### Data:
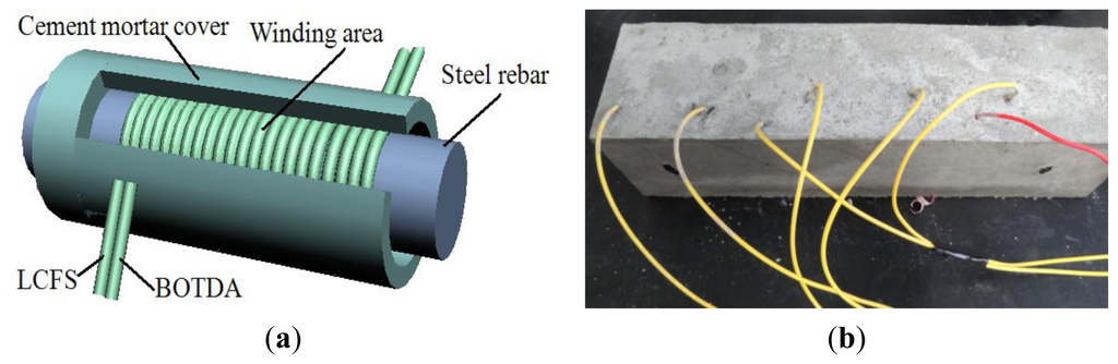 After being polished, the diameter of the steel rebar was 18 mm and the length was 18 cm. Two pieces of the Corning SMF G657A/B optical fibers, which have a minimum bending radius of 7.5 mm and in 3 meters length, were directly wound around the rebar in a number of circles next to each other, one for LCFS and the other for BOTDA, as shown in Figure 4a. The strain coefficient of the fiber was calibrated as 480 MHz/% strain [8]. About 9 mm-thick cement mortar cushion layer was coated to the steel rebar and formed a solidification pillar. The introduced fibers were armored for protection as shown in Figure 4b.
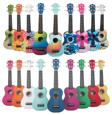 Diamond Head soprano ukuleles are available in a rainbow of colors as seen above. These inexpensive options ($34.95 on sale) feature fully geared tuning machines and include a matching colored carrying bag.
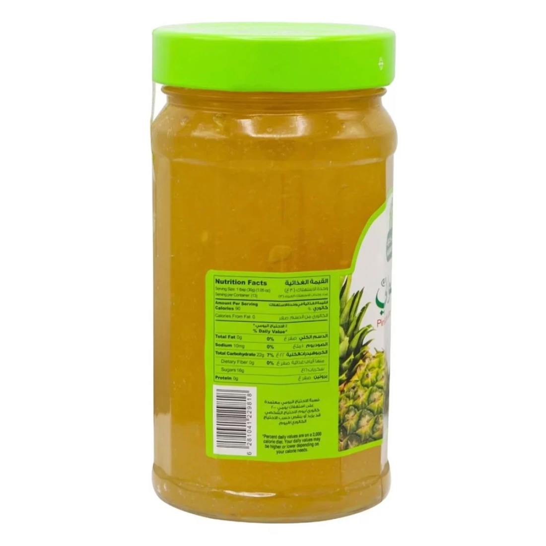 ingredients : Pineapple 45%, Sugar, Glucose, Pectin (Thickening Agent E440), Citric Acid (Acidity Regulator E330), Natural Identical Pineapple Flavour, Soluble Solids 65%
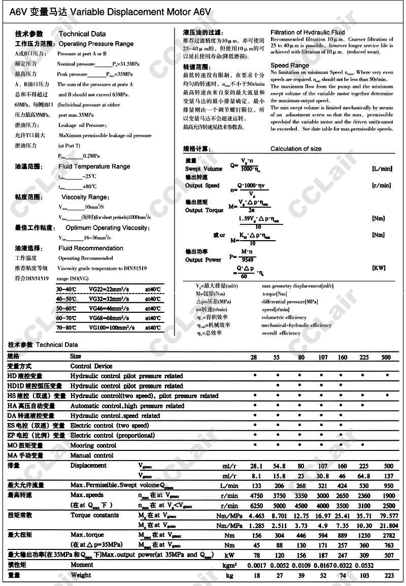 A6V500HD15FP1,A6V500HD25FP1,A6V500HS15FP1,A6V500HS25FP1,CCLair A6V500HD15GZ2,A6V500HD25GZ2,
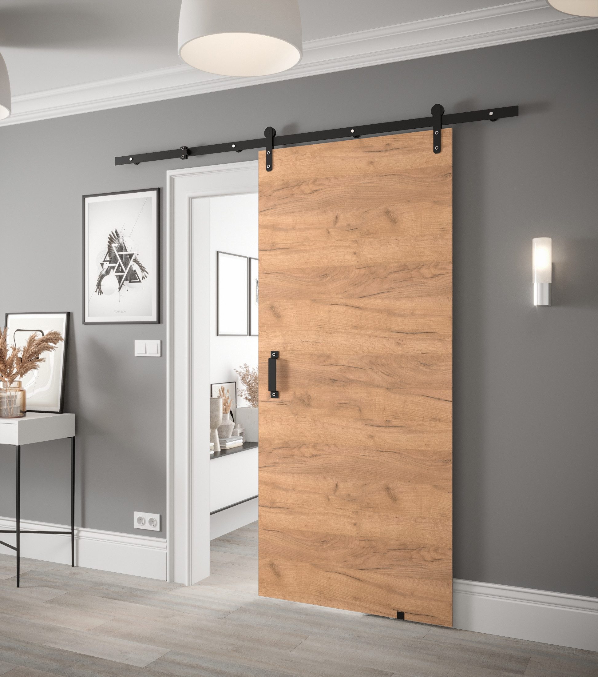 Die Schiebetür Parker ist die perfekte Lösung für alle, die Ästhetik und Komfort schätzen. Dank des platzsparenden Schiebesystems ermöglicht sie eine optimale Raumnutzung und verleiht jedem Raum ein modernes Ambiente. Ihr minimalistisches Design in Kombination mit hochwertigen Materialien fügt sich harmonisch in moderne sowie klassische Wohnstile ein. Ideal für Wohnungen, Büros oder Lofts – eine langlebige und stilvolle Wahl für Ihr Zuhause.
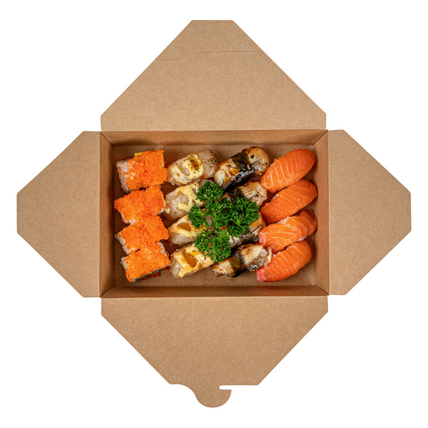 Providing an unmatched level of ease and portability, these bio boxes ensure a secure lock with their built-in tab lock, making for durable take out boxes. Their uniquely foldable design allows for easy storage, on-the-go functionality, and a minimalistic approach.
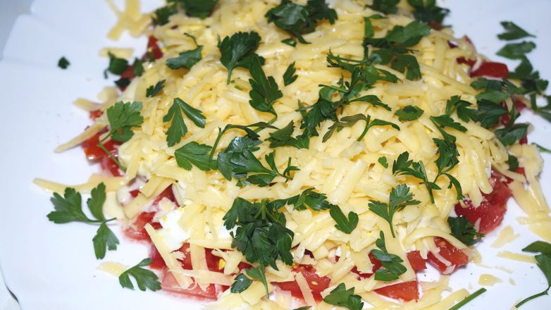 Слоеный салат из помидор, сыра и яиц
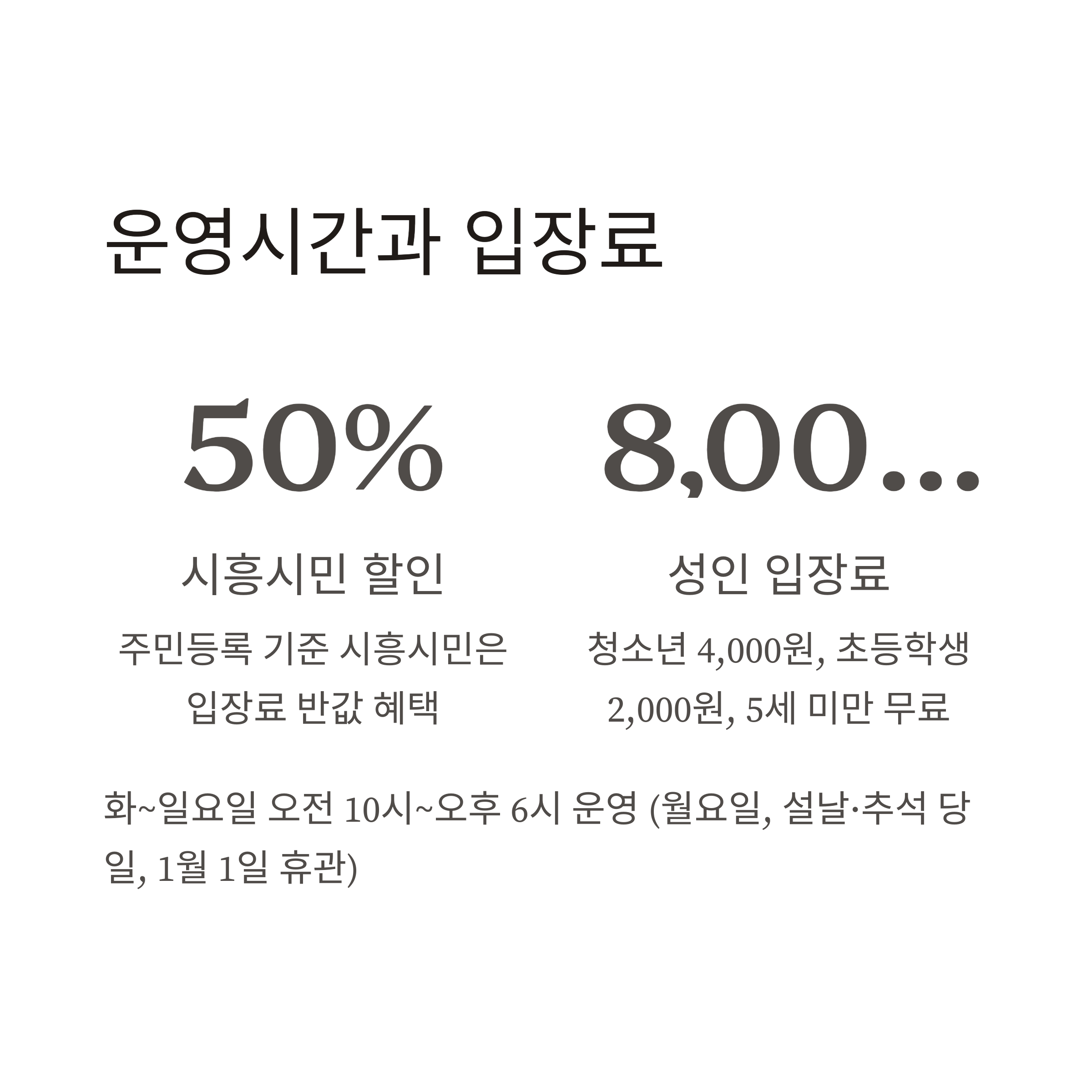 시흥시에 주민등록된 시민은 50% 할인이 적용됩니다.
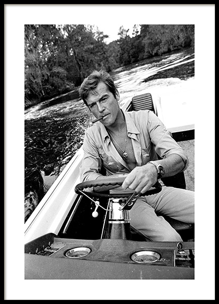 Plakát je vytištěn s bílým okrajem, který pěkně rámuje design, a má zrnitou fotografickou strukturu.
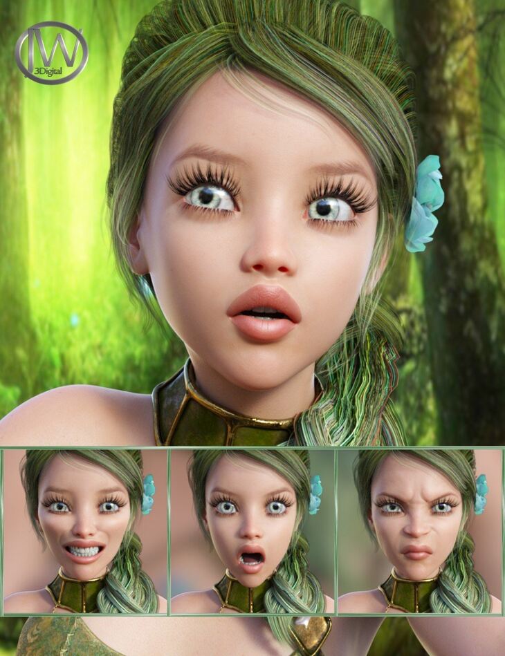 Fairytale - Expressions for Genesis 8 Female and Rynne 8 contains 40 detailed and realistic expressions for Rynne 8 and Genesis 8 Female, divided into categories: Angry, Happy, Sad and Surprised.
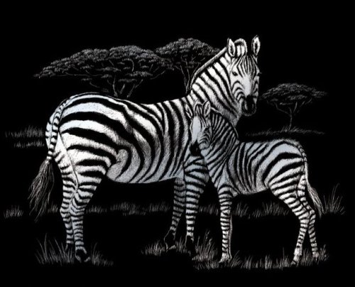 Škrabací obrázky probouzí kreativitu a nadšení a nejen malé výtvarníky zaměstnají na dlouhé hodiny. Papír je potažený černou vrstvou skrývající podklad se stříbrným efektem.
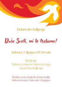 U subotu, 7. lipnja 2025. u dvorištu duhovnog centra Školskih sestara franjevki u Bugojnu bit će upriličeno Duhovsko bdijenje pod geslom “Duše Sveti, mi te trebamo”.
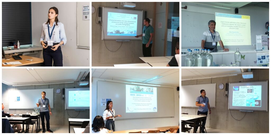 Oleg Sapozhnikov gave a talk in the section “Nonlinear Acoustics and Ultrasonics”, Sergey Tsysar and Dmitry Nikolaev presented their results in the section “Acoustic Holography”, Suren Petrosyan made a report in the section “Ultrasound imaging and microscopy”, and Anastasiya Nikolaeva and Alisa Krokhmal presented results of their recent studies in the section “Acoustic tweezers and particle manipulation”.
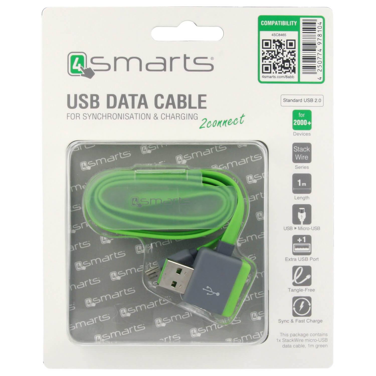 4smarts StackWire Micro-USB Data Cable 1m - компактен microUSB кабел с USB изход за мобилни устройства с microUSB вход (сив-зелен)
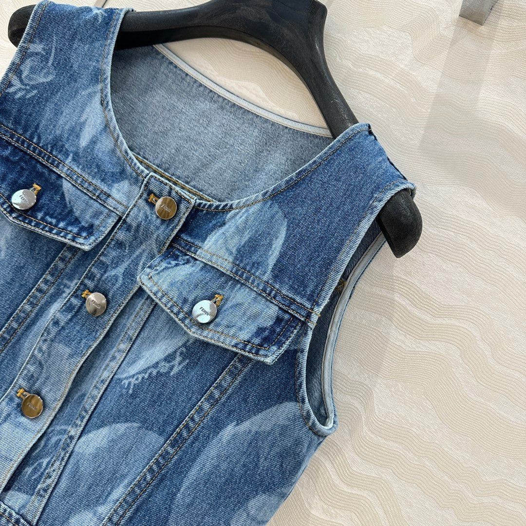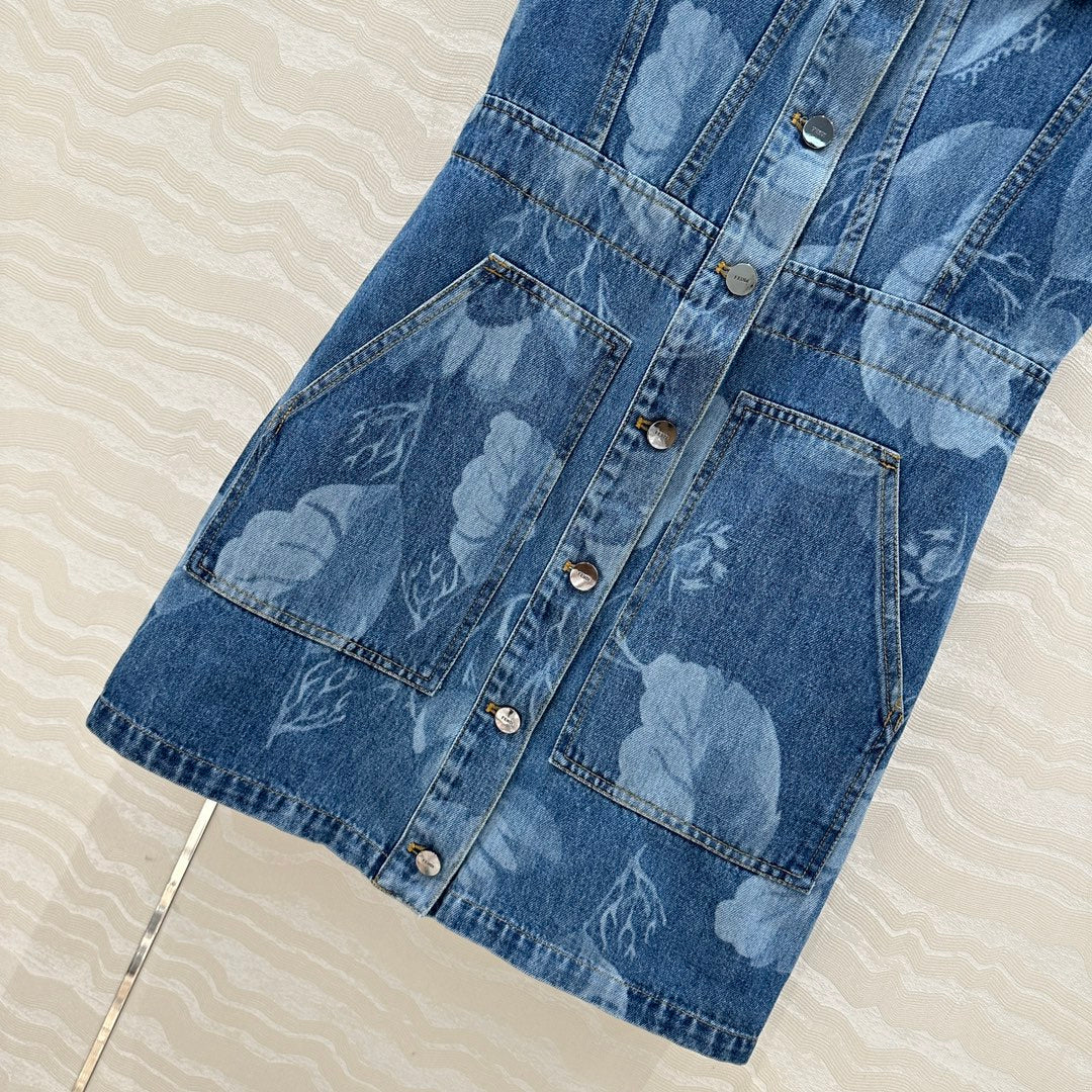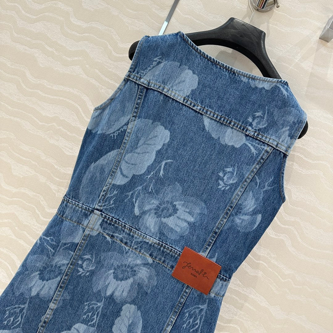 Fendi Flower Vest Dress Blue cotton

### What is required:
Print each entry above verbatim, pictures left out.

### Result of the exercise:
 After being polished, the diameter of the steel rebar was 18 mm and the length was 18 cm. Two pieces of the Corning SMF G657A/B optical fibers, which have a minimum bending radius of 7.5 mm and in 3 meters length, were directly wound around the rebar in a number of circles next to each other, one for LCFS and the other for BOTDA, as shown in Figure 4a. The strain coefficient of the fiber was calibrated as 480 MHz/% strain [8]. About 9 mm-thick cement mortar cushion layer was coated to the steel rebar and formed a solidification pillar. The introduced fibers were armored for protection as shown in Figure 4b.
 Diamond Head soprano ukuleles are available in a rainbow of colors as seen above. These inexpensive options ($34.95 on sale) feature fully geared tuning machines and include a matching colored carrying bag.
 ingredients : Pineapple 45%, Sugar, Glucose, Pectin (Thickening Agent E440), Citric Acid (Acidity Regulator E330), Natural Identical Pineapple Flavour, Soluble Solids 65%
 A6V500HD15FP1,A6V500HD25FP1,A6V500HS15FP1,A6V500HS25FP1,CCLair A6V500HD15GZ2,A6V500HD25GZ2,
 Die Schiebetür Parker ist die perfekte Lösung für alle, die Ästhetik und Komfort schätzen. Dank des platzsparenden Schiebesystems ermöglicht sie eine optimale Raumnutzung und verleiht jedem Raum ein modernes Ambiente. Ihr minimalistisches Design in Kombination mit hochwertigen Materialien fügt sich harmonisch in moderne sowie klassische Wohnstile ein. Ideal für Wohnungen, Büros oder Lofts – eine langlebige und stilvolle Wahl für Ihr Zuhause.
 Providing an unmatched level of ease and portability, these bio boxes ensure a secure lock with their built-in tab lock, making for durable take out boxes. Their uniquely foldable design allows for easy storage, on-the-go functionality, and a minimalistic approach.
 Слоеный салат из помидор, сыра и яиц
 시흥시에 주민등록된 시민은 50% 할인이 적용됩니다.
 Plakát je vytištěn s bílým okrajem, který pěkně rámuje design, a má zrnitou fotografickou strukturu.
 Fairytale - Expressions for Genesis 8 Female and Rynne 8 contains 40 detailed and realistic expressions for Rynne 8 and Genesis 8 Female, divided into categories: Angry, Happy, Sad and Surprised.
 Škrabací obrázky probouzí kreativitu a nadšení a nejen malé výtvarníky zaměstnají na dlouhé hodiny. Papír je potažený černou vrstvou skrývající podklad se stříbrným efektem.
 U subotu, 7. lipnja 2025. u dvorištu duhovnog centra Školskih sestara franjevki u Bugojnu bit će upriličeno Duhovsko bdijenje pod geslom “Duše Sveti, mi te trebamo”.
 Oleg Sapozhnikov gave a talk in the section “Nonlinear Acoustics and Ultrasonics”, Sergey Tsysar and Dmitry Nikolaev presented their results in the section “Acoustic Holography”, Suren Petrosyan made a report in the section “Ultrasound imaging and microscopy”, and Anastasiya Nikolaeva and Alisa Krokhmal presented results of their recent studies in the section “Acoustic tweezers and particle manipulation”.
 4smarts StackWire Micro-USB Data Cable 1m - компактен microUSB кабел с USB изход за мобилни устройства с microUSB вход (сив-зелен)
 Fendi Flower Vest Dress Blue cotton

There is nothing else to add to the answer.